Karena itu, Arief mendorong terbangunnya kolaborasi erat antara ICMI, BRIN, dan Pemerintah Provinsi Maluku untuk mengembangkan potensi daerah menjadi kekuatan ekonomi yang berkelanjutan.
Ia menegaskan, kecendekiawanan tidak hanya berbicara mengenai kecerdasan intelektual, tetapi juga tentang kepedulian dan kearifan dalam melihat persoalan masyarakat.

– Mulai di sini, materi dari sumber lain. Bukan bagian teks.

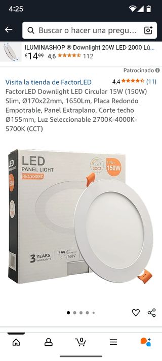 tengo 6 y una de superficie 6€ cada una son luz calida se hace precio si se llevan todas juntas. Panel LED redondo de la marca Wurth, ideal para iluminar espacios interiores. - Potencia: 20W - Temperatura de color: 4000K (blanco neutro) - Corriente de salida: 375mA - Voltaje de entrada: 100-240V AC - Voltaje de salida: 40-50V DC - Dimensiones del driver: 100x45x28mm - Rango de temperatura de operación: -20°C a +40°C
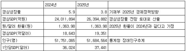 [표] 2024∼2025년 1인당 GDP 추계
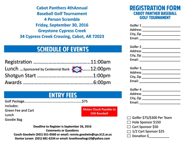Rain or shine the Cabot High School Baseball Team will host their 4th Annual Golf Tournament to help raise funds for team equipment and maintenance. The funds raised will go towards buying apparel, uniforms, and equipment such as baseballs, helmets, catchers gear, and other training equipment for our student athletes.

“Cendekiawan bukan hanya soal kepintaran, melainkan kepedulian dan kearifan. Kecerdasan yang digabungkan dengan hati yang peduli melahirkan kemanfaatan nyata,” tuturnya.
Dengan diresmikannya Sekretariat MPW ICMI Maluku sekaligus diluncurkannya Muktamar VIII ICMI, Ambon kini menjadi salah satu titik penting dalam agenda besar organisasi cendekiawan muslim tersebut.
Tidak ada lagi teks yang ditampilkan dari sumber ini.